EXERCISE DETAILS: Please output exactly the lines below, starting at the line that has "to learn more." and ending at the line that has "Stilfuld LMTD t-shirt", both included; leave out all pictures and include nothing else.

DATA:
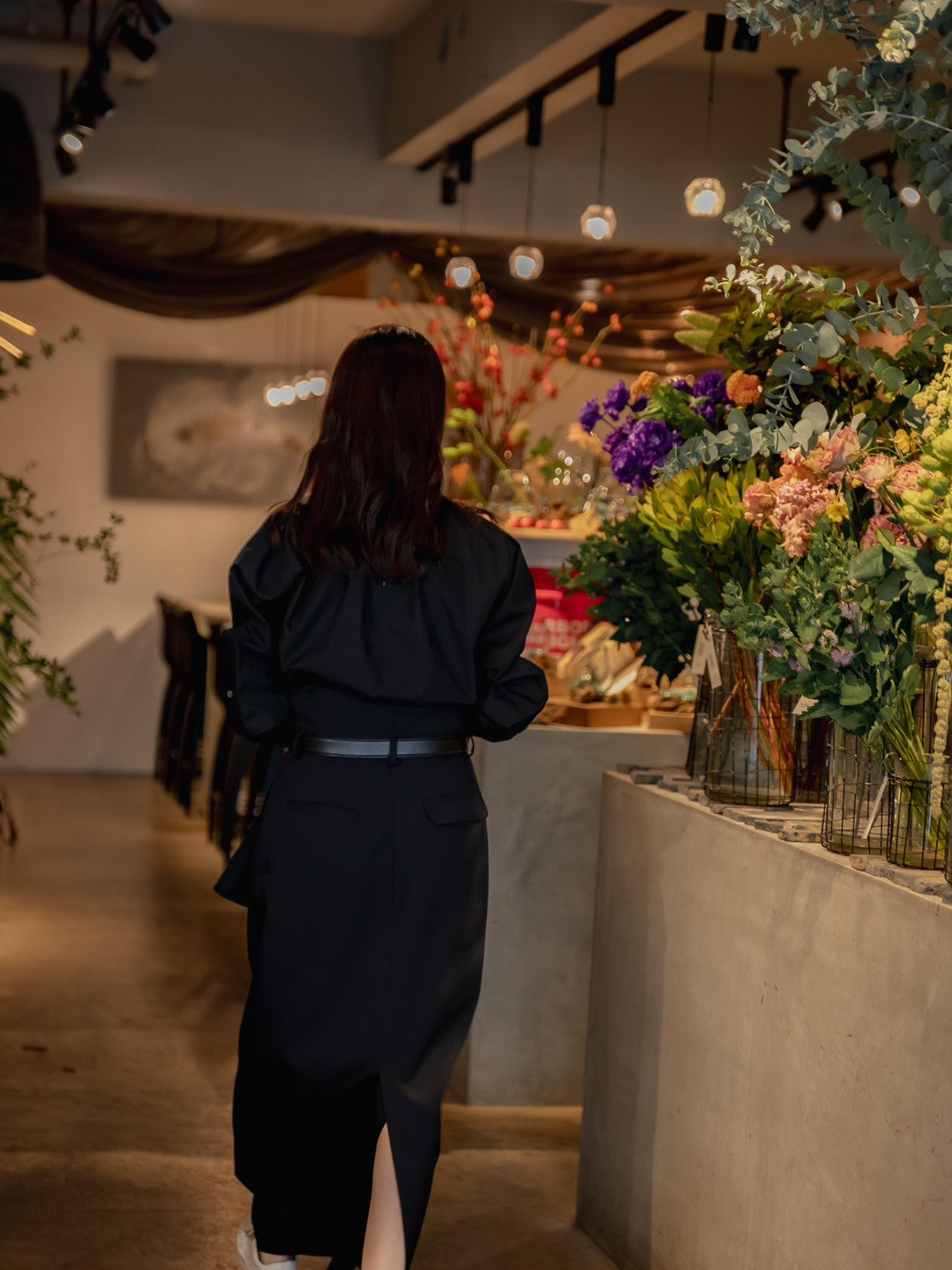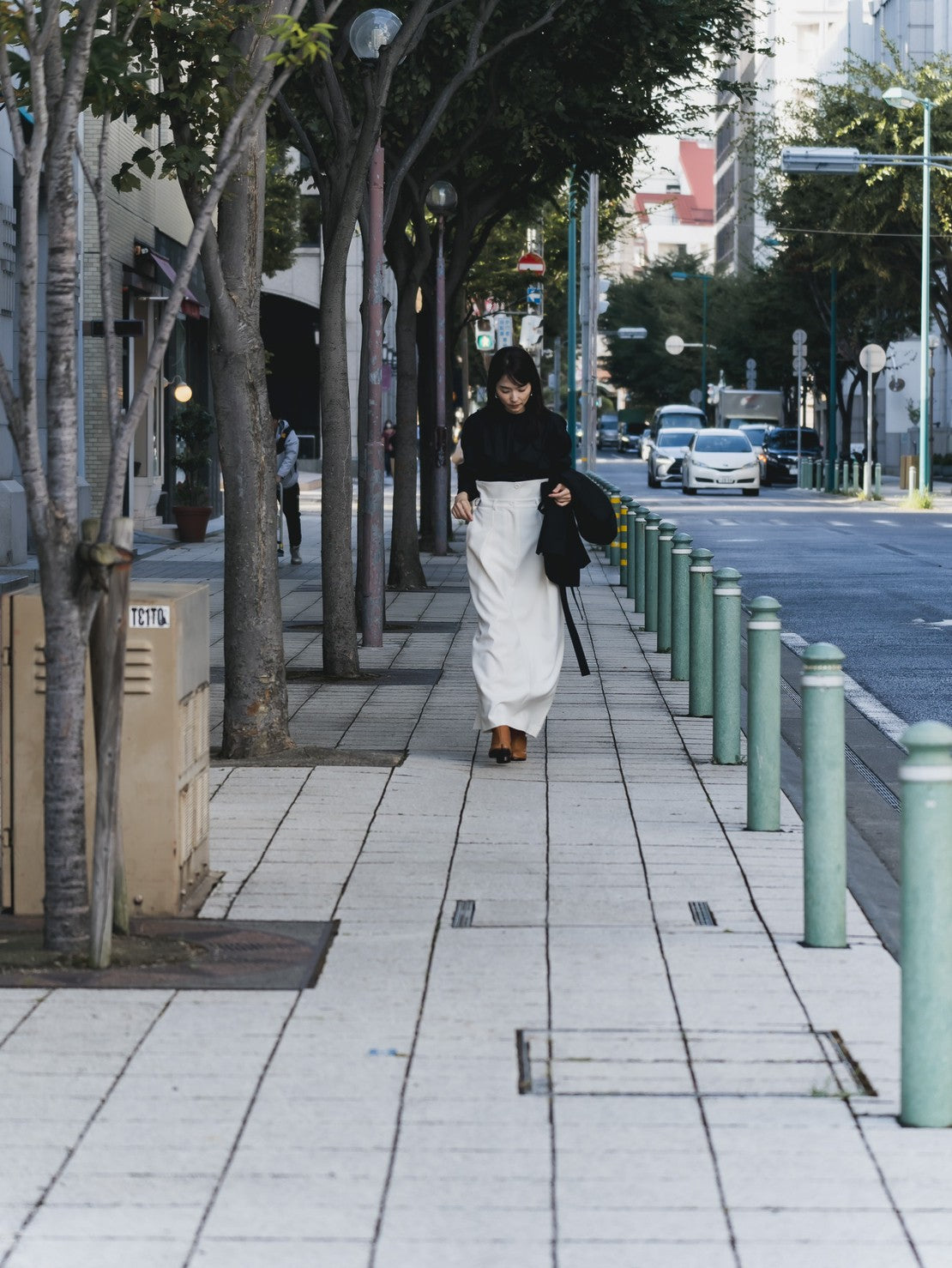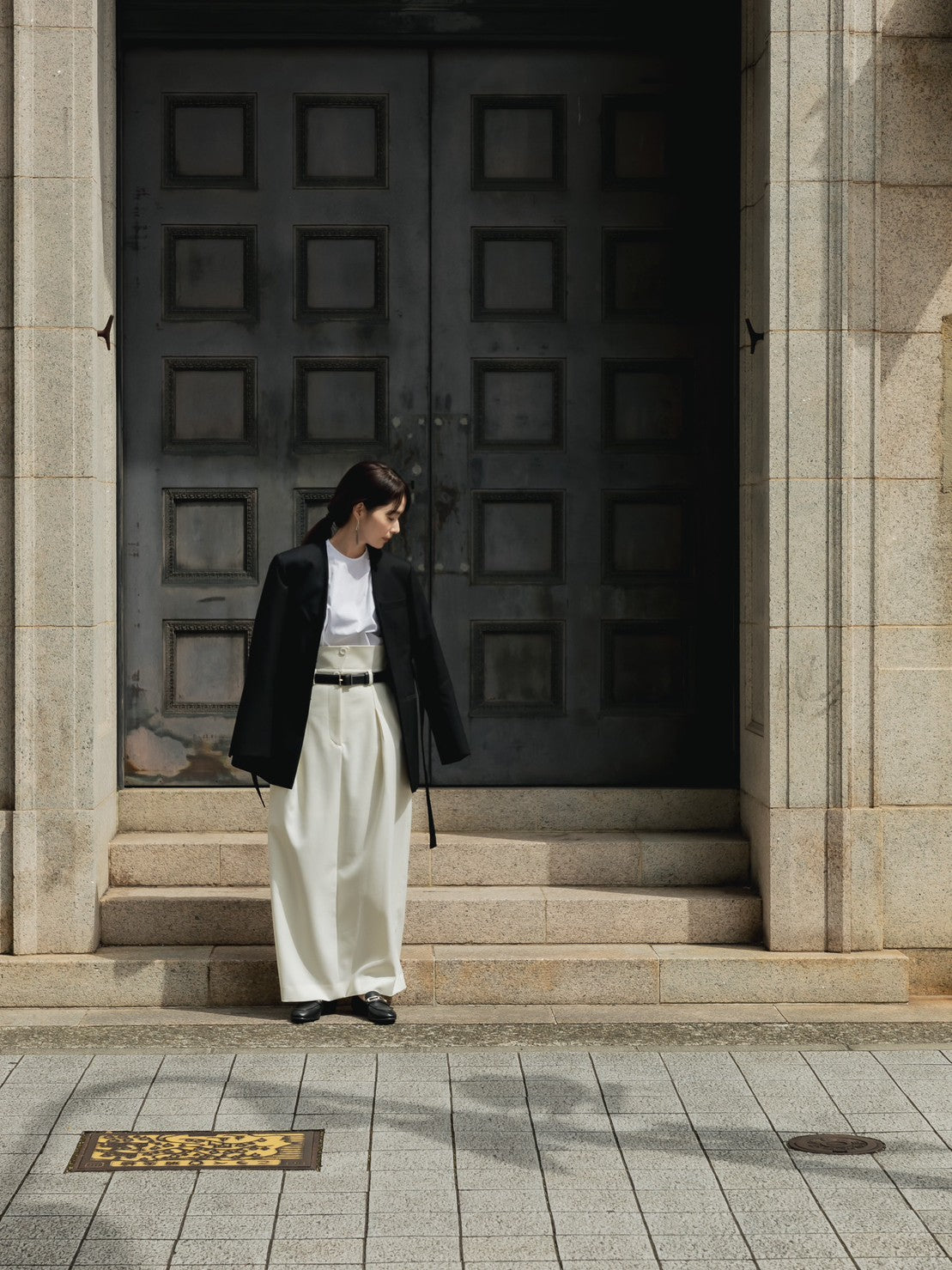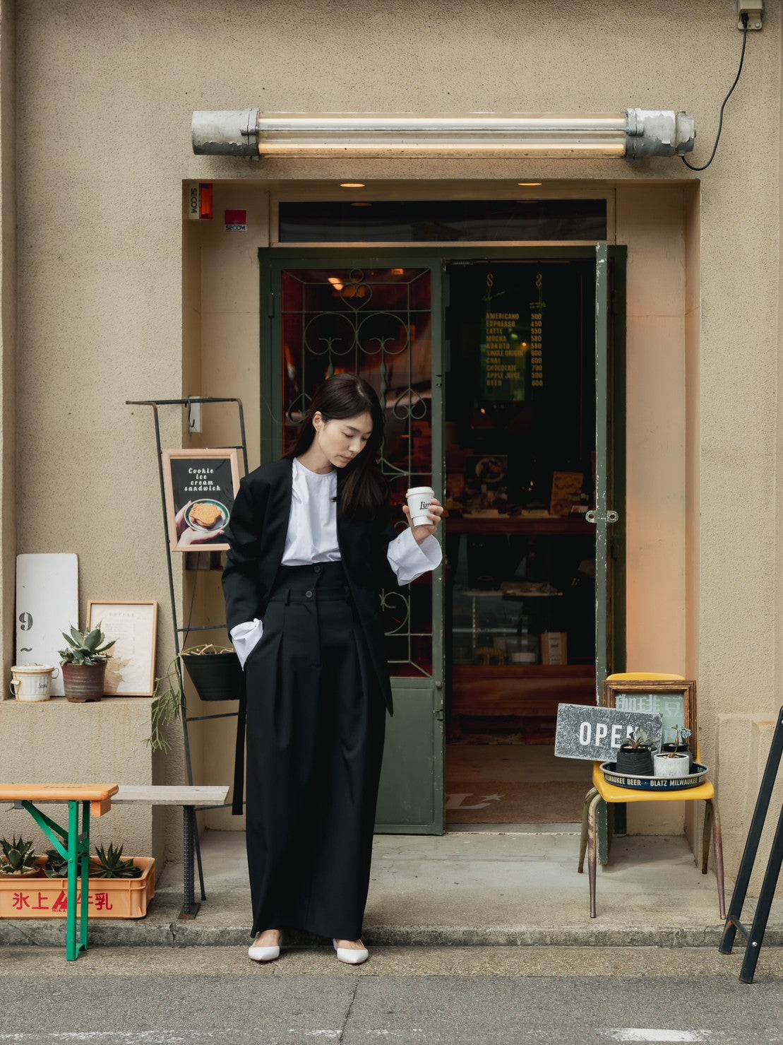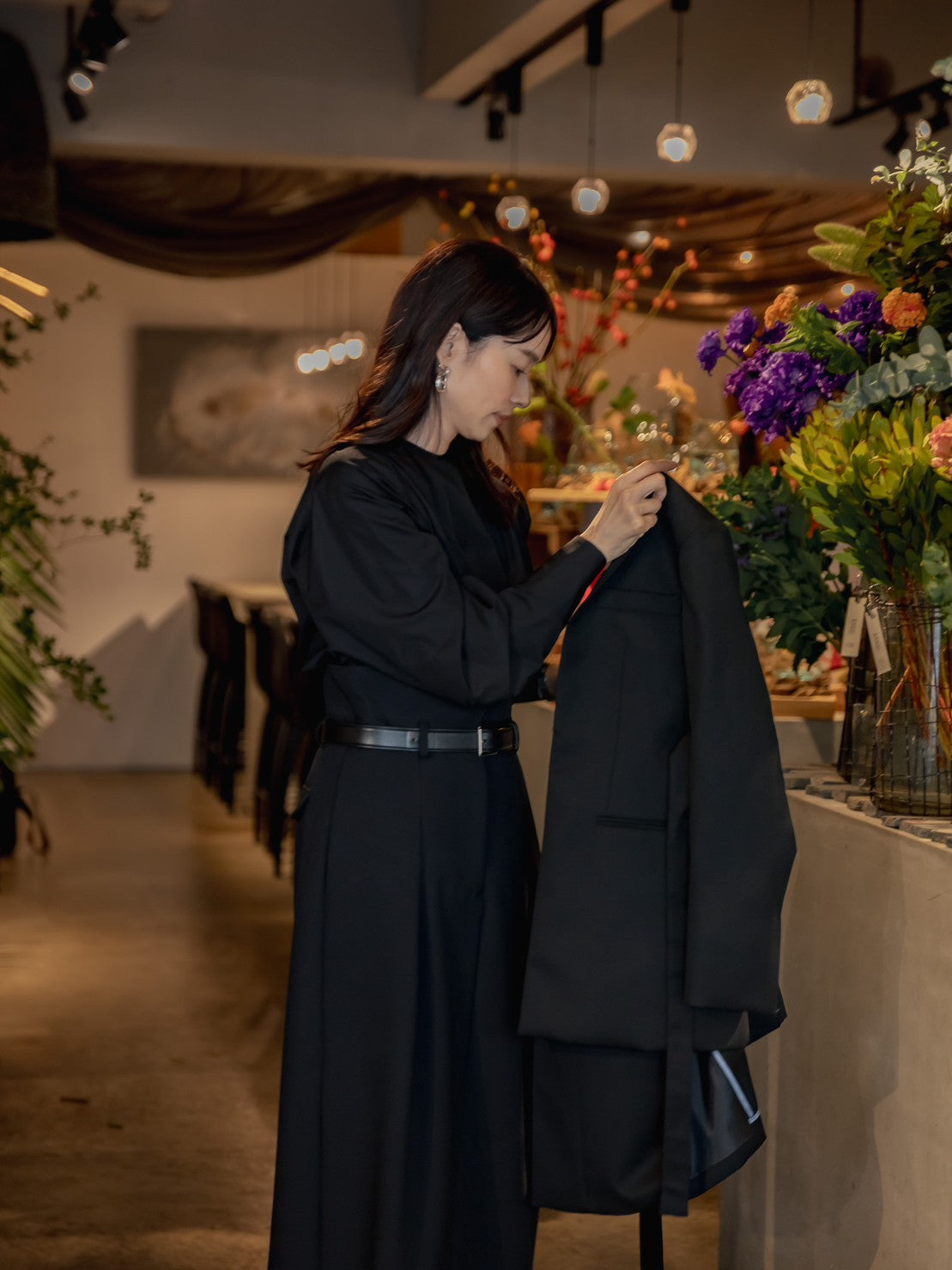 It has no collar, so you can wear it casually like a T-shirt, and it has a balance of elegance without being too dressy.
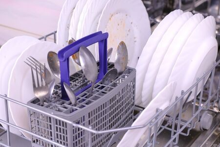 Dishwasher basket with dirty white dishes and cutlery in the kitchen. Close-up view.
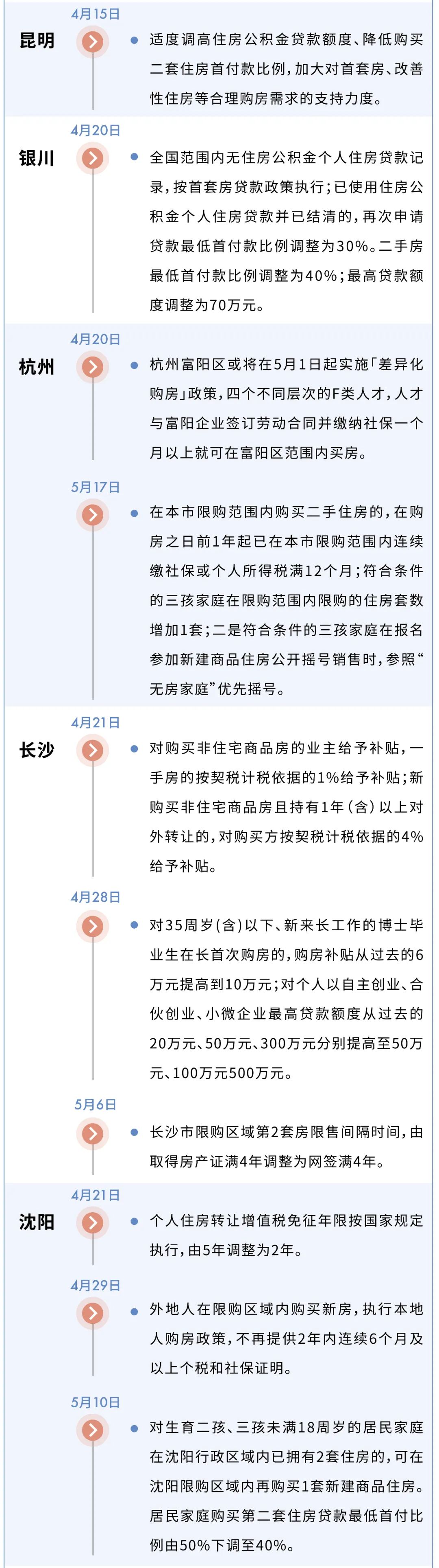 接下來,5月下旬到6月仍是政策窗口期,已出新政的城市不排除會進一步松綁。
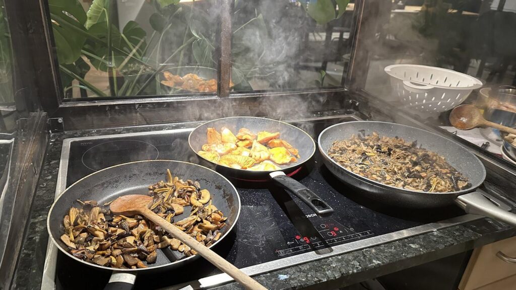 Viele verschiedene Pilzchen säumten unseren Weg – die essbaren Arten wanderten ins Sammelkörbchen für das abendliche Kochevent.
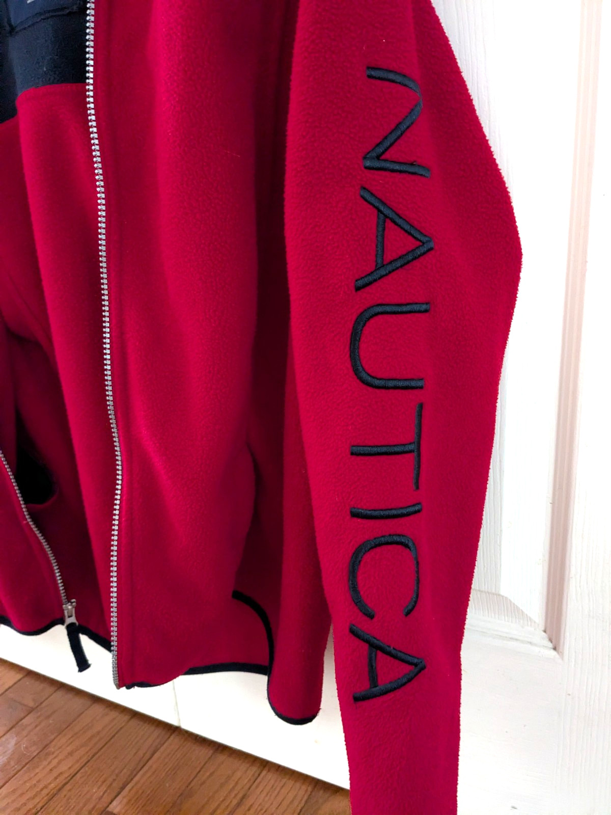 Boys Nautica Lightweight Red Navy Fleece Zip Jacket Red Size X-Large 12-14
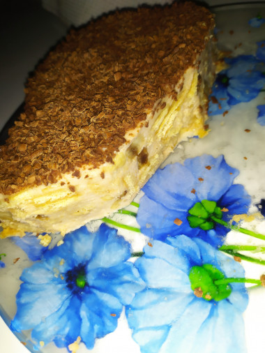 Смешно было когда прочла что банан помыть и осушить, смысл ,если кожупа все равно снимается, тортик сделала ,но ещё не пробовали стоит пропитывается
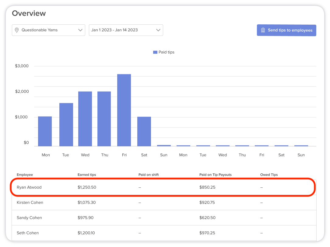 ⚠️ Sending tips to Employees from the Tip Overview is only available for Accounts with Tip Payouts enabled. Click here to learn more.
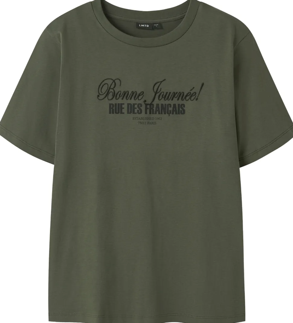 Stilfuld LMTD t-shirt i støvet grøn med sort tekstprint. LMTD t-shirten har en klassisk rund halsudskæring med en smal ribkant og korte ærmer.
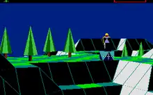 The IBM PC port supports VGA graphics, with an additional lighting effect: objects and terrain become darker the farther away they are from the point of view. The Amiga port has a sampled soundtrack by David Whittaker.
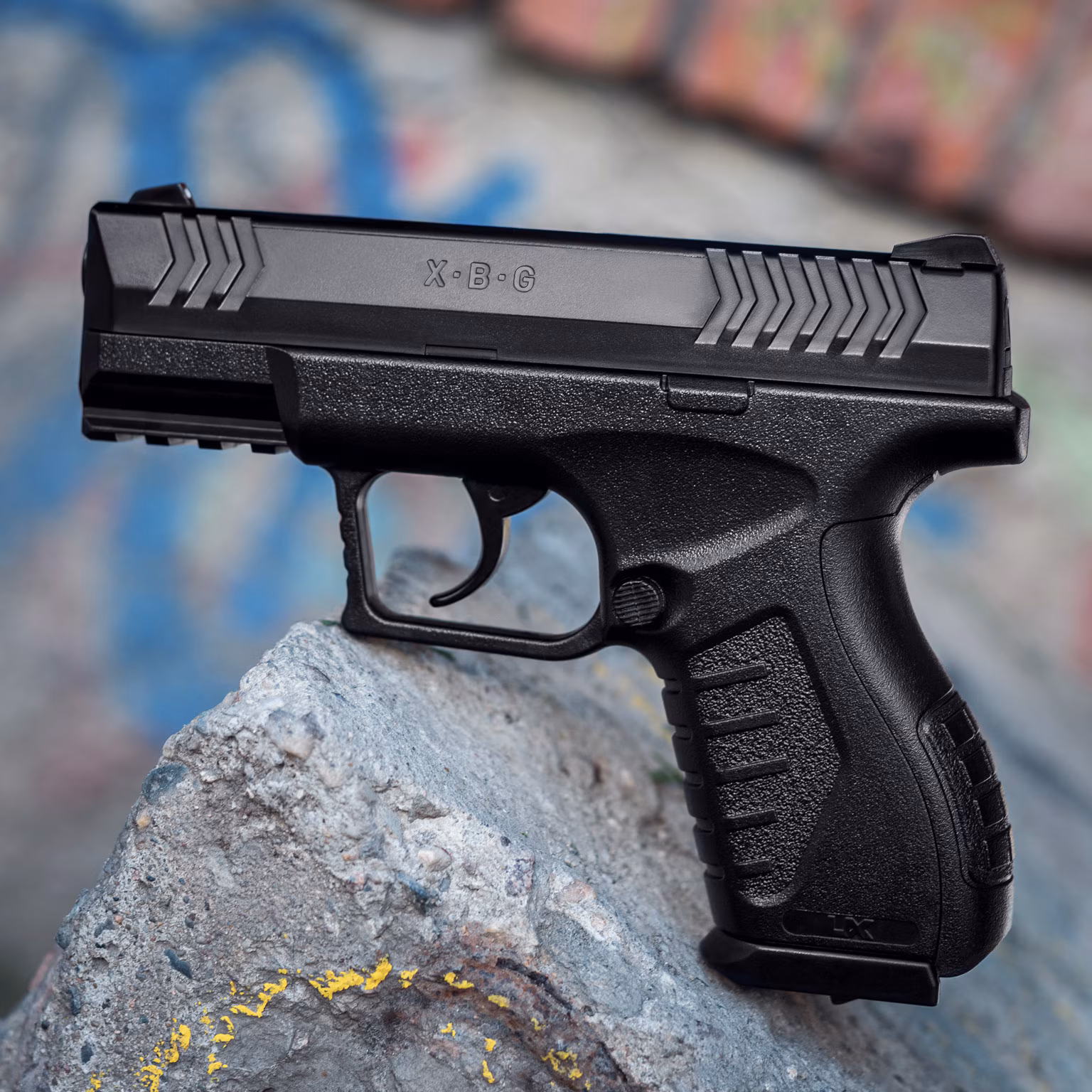 Umarex XBG 4,5 mm BB to krótka wiatrówka o napędzie gazowym z kapsuł CO2 oraz polimerowej konstrukcji. Model swym wyglądem nawiązuje do popularnych konstrukcji marki Springfield XD i cechuje się dobrym spasowaniem i wykończeniem detali, a także niewielkim ciężarem, co zawdzięcza konstrukcji z tworzywa.

EXPECTED OUTPUT:
 ⚠️ Sending tips to Employees from the Tip Overview is only available for Accounts with Tip Payouts enabled. Click here to learn more.
 Stilfuld LMTD t-shirt i støvet grøn med sort tekstprint. LMTD t-shirten har en klassisk rund halsudskæring med en smal ribkant og korte ærmer.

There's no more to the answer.